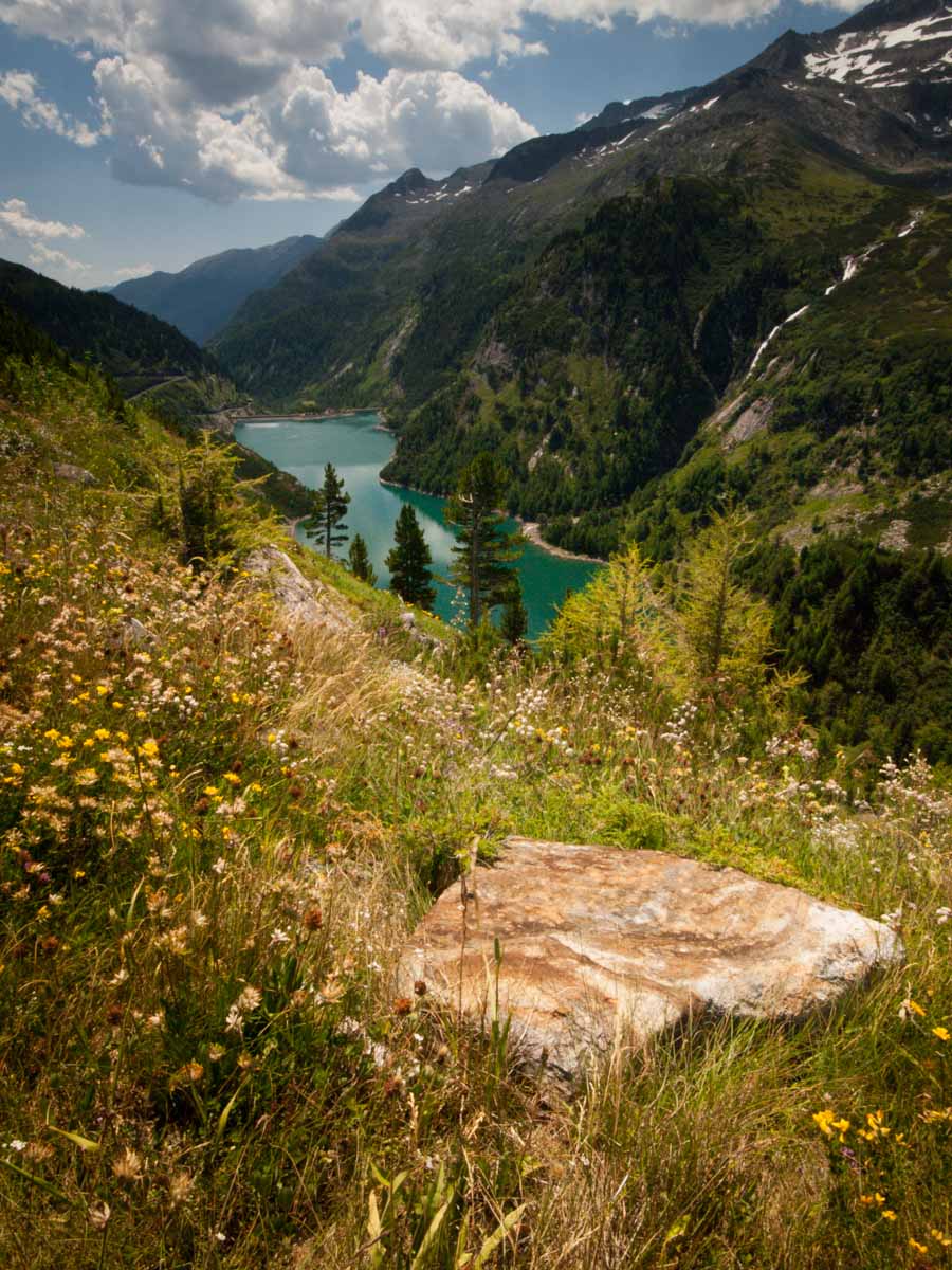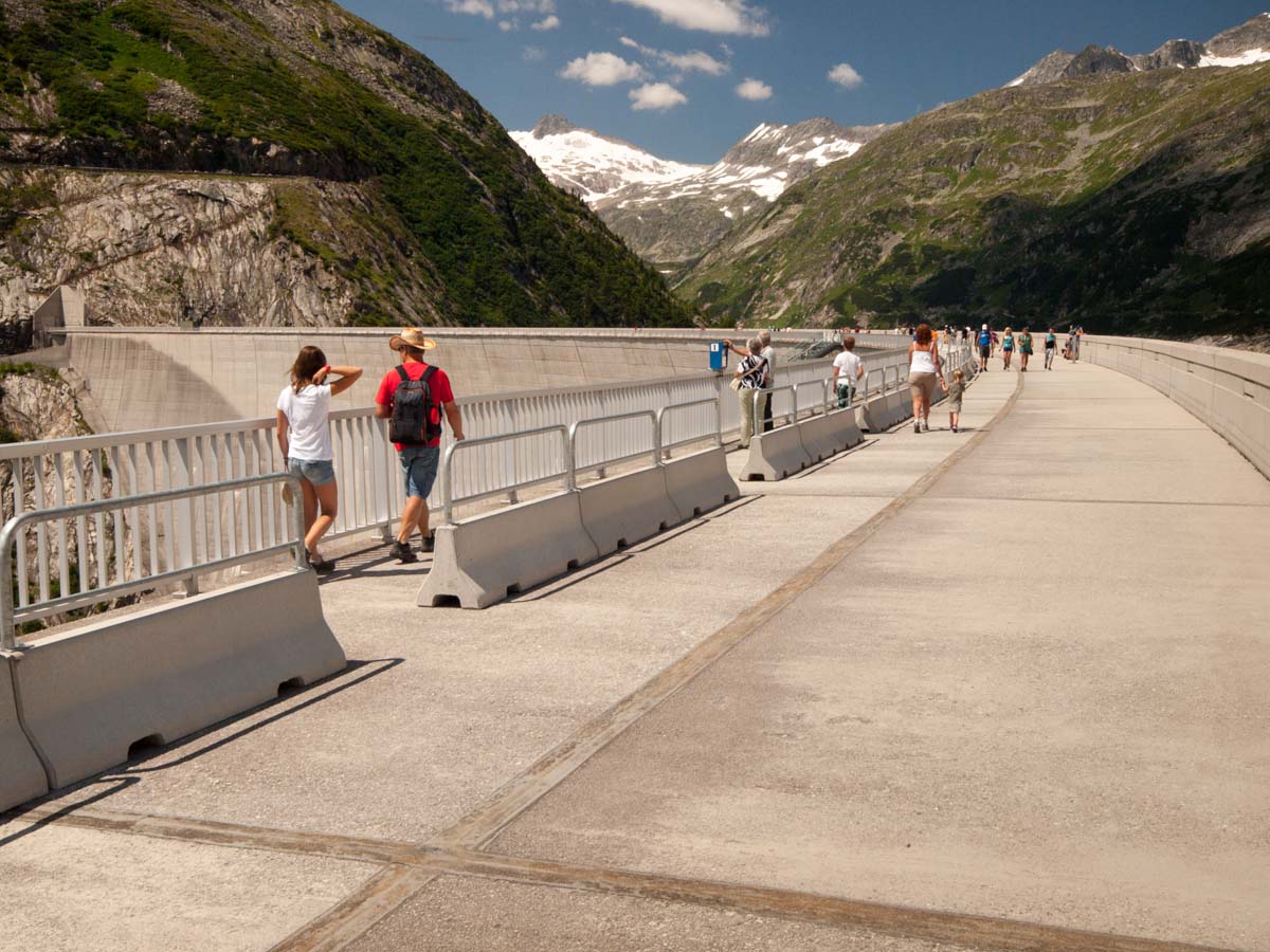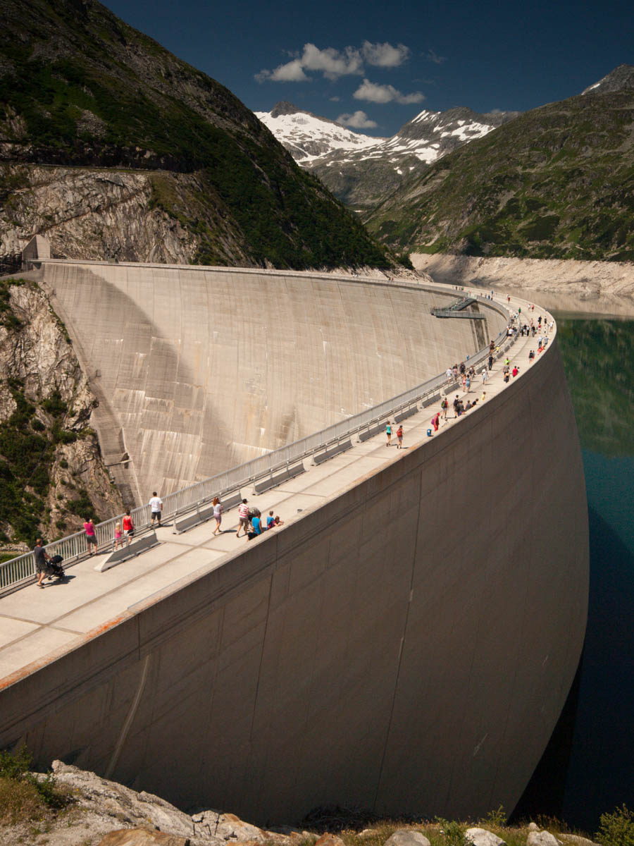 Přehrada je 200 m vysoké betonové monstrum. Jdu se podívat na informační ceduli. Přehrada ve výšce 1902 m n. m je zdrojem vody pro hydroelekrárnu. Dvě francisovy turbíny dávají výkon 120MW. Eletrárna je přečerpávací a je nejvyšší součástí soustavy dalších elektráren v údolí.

☆ ☆ ☆ ☆

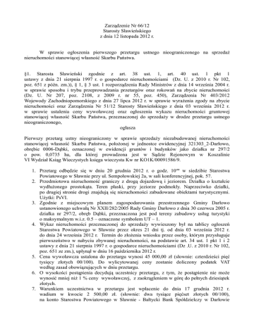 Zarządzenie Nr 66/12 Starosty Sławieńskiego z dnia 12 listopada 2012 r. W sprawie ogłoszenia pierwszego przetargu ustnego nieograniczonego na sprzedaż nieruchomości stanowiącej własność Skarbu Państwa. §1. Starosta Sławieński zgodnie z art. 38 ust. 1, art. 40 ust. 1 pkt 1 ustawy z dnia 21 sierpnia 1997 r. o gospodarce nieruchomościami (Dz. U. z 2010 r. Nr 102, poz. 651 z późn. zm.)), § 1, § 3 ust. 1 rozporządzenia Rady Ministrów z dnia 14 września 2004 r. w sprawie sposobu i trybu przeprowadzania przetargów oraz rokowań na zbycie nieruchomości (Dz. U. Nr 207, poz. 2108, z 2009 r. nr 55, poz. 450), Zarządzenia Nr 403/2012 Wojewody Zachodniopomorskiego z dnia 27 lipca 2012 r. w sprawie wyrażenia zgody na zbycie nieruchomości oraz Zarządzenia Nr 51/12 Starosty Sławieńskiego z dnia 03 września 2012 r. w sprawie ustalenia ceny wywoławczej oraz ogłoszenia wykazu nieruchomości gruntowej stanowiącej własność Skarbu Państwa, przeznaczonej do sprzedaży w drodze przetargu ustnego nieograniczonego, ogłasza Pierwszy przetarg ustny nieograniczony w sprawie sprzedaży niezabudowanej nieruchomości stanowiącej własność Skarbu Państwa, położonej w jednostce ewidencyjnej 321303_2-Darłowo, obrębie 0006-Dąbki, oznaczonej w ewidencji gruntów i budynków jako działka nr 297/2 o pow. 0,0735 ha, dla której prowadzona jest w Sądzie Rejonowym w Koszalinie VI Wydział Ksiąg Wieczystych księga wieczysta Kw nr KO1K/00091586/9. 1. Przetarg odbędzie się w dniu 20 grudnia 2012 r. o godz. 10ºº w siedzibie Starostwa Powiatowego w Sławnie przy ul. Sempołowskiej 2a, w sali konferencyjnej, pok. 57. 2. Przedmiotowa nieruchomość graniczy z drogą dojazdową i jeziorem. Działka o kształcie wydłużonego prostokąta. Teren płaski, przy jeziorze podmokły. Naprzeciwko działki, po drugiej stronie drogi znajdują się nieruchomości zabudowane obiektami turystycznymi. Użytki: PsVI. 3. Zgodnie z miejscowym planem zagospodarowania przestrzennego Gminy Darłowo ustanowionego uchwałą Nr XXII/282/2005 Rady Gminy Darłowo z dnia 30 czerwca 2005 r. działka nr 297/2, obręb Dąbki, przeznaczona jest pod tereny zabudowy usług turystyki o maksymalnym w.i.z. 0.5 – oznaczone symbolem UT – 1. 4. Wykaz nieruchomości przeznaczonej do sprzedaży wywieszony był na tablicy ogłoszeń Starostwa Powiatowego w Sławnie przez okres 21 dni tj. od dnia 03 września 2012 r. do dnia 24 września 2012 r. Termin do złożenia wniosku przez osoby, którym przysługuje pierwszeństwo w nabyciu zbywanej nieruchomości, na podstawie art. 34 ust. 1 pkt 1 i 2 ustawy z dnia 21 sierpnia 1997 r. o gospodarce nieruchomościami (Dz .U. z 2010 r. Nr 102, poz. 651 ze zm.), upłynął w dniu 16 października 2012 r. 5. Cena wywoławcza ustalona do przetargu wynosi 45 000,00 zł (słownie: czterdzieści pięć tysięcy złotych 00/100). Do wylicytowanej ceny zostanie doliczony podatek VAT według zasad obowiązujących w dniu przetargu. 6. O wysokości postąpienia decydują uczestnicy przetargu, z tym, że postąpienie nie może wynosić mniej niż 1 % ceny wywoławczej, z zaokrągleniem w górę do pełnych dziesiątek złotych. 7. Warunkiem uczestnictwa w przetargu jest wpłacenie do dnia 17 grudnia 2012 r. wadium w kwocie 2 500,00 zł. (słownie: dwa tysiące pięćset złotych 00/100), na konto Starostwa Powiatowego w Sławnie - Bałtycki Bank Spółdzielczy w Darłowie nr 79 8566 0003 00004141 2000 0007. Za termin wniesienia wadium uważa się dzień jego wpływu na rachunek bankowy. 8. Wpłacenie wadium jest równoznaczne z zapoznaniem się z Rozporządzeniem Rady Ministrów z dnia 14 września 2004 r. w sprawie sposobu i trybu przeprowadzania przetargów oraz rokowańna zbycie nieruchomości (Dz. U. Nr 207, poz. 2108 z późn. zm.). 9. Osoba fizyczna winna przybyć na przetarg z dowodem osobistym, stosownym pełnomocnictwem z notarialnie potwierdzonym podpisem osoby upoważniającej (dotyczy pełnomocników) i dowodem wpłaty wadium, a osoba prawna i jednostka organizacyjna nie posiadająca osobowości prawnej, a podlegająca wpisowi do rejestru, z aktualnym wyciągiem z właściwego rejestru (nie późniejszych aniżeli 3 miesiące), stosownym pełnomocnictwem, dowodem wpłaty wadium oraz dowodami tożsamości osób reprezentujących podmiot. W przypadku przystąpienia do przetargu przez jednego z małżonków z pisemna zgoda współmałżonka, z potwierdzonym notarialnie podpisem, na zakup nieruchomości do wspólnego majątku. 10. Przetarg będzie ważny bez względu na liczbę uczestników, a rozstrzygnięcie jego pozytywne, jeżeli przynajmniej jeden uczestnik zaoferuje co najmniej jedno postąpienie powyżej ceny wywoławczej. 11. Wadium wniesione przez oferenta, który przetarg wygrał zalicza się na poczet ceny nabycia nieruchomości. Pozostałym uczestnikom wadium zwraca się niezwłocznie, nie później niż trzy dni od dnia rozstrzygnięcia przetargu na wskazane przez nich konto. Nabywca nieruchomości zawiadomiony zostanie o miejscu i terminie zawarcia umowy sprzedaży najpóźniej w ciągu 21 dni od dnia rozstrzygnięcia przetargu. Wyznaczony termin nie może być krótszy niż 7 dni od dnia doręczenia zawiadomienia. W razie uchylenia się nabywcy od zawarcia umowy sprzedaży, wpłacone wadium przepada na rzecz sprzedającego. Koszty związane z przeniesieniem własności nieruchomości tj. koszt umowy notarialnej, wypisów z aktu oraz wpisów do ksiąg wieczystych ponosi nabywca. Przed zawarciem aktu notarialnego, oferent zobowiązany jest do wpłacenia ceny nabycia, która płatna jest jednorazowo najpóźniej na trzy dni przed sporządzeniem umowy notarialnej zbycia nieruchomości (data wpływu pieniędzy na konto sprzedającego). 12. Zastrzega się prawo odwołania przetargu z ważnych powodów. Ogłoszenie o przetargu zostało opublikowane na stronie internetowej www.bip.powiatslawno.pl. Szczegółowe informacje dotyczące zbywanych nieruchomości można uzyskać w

☆ ☆ ☆ ☆

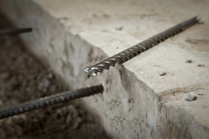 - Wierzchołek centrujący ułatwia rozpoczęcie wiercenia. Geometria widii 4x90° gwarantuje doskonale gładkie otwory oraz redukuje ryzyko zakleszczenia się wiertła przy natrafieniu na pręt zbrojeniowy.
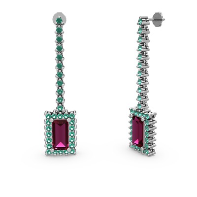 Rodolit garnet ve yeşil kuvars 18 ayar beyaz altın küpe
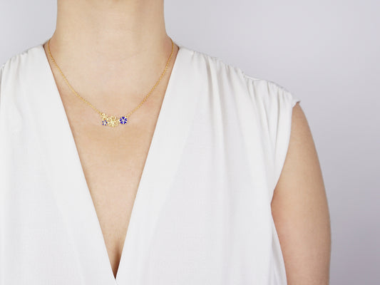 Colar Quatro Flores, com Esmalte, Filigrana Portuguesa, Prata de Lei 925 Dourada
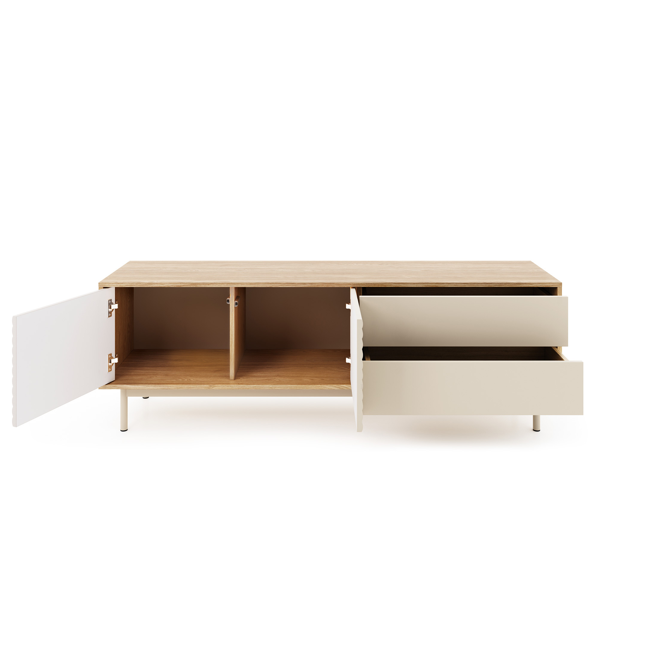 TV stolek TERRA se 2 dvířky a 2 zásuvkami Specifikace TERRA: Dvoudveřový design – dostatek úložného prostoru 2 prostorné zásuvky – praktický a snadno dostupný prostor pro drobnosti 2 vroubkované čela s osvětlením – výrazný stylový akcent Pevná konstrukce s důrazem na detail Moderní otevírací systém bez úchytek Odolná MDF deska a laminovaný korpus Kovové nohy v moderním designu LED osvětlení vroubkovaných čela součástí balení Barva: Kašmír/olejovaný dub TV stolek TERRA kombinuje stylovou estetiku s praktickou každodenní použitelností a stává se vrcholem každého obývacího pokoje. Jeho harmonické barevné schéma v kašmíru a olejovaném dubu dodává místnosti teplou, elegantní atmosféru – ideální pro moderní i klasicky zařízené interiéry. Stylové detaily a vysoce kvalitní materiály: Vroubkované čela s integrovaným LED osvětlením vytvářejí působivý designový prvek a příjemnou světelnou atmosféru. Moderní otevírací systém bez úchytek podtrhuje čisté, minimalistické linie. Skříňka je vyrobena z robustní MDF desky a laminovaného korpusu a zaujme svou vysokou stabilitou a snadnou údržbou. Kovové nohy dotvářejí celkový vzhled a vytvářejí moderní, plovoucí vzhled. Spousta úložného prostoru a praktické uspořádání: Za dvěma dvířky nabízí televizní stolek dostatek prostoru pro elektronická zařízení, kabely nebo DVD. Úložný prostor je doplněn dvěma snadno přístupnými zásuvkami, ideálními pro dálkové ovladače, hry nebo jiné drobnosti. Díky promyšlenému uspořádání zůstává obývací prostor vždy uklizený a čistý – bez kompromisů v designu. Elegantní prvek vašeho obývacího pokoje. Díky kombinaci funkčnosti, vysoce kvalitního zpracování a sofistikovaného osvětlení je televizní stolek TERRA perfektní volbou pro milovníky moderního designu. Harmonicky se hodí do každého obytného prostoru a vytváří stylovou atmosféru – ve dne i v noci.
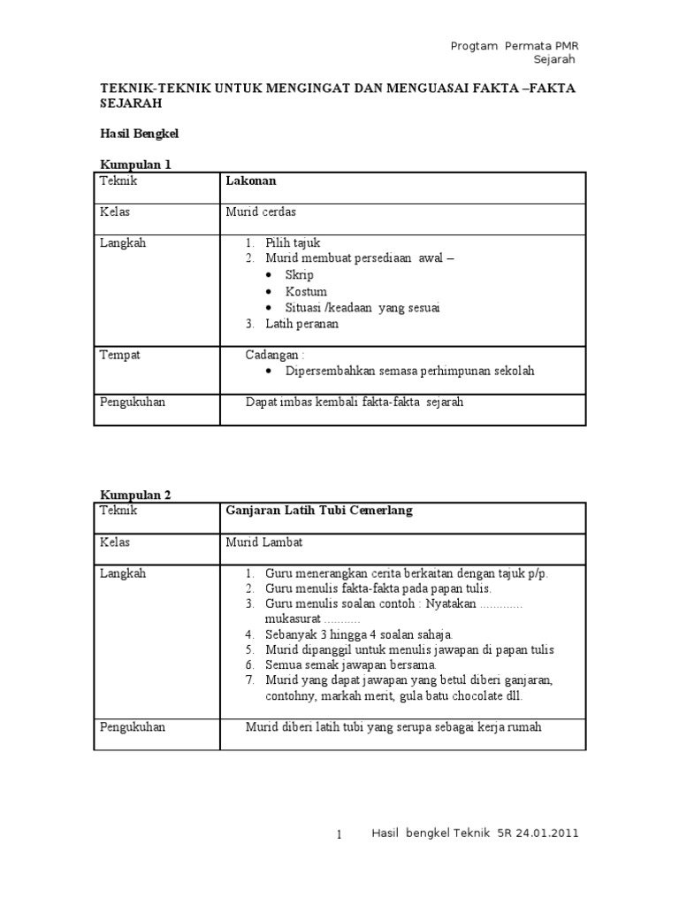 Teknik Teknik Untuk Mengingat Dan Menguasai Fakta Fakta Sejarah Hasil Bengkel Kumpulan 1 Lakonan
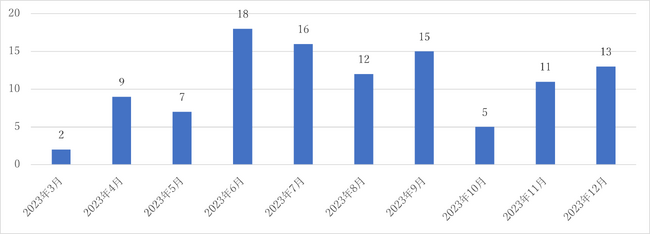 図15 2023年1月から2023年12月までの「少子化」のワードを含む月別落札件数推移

☆ ☆ ☆ ☆

- To do
Exact copy, pictures excluded: every line above from the one containing "Teknik Teknik Untuk" to the one containing "図15 2023年1月から2", inclusive, and nothing more.

- Response for this exercise
 Teknik Teknik Untuk Mengingat Dan Menguasai Fakta Fakta Sejarah Hasil Bengkel Kumpulan 1 Lakonan
 図15 2023年1月から2023年12月までの「少子化」のワードを含む月別落札件数推移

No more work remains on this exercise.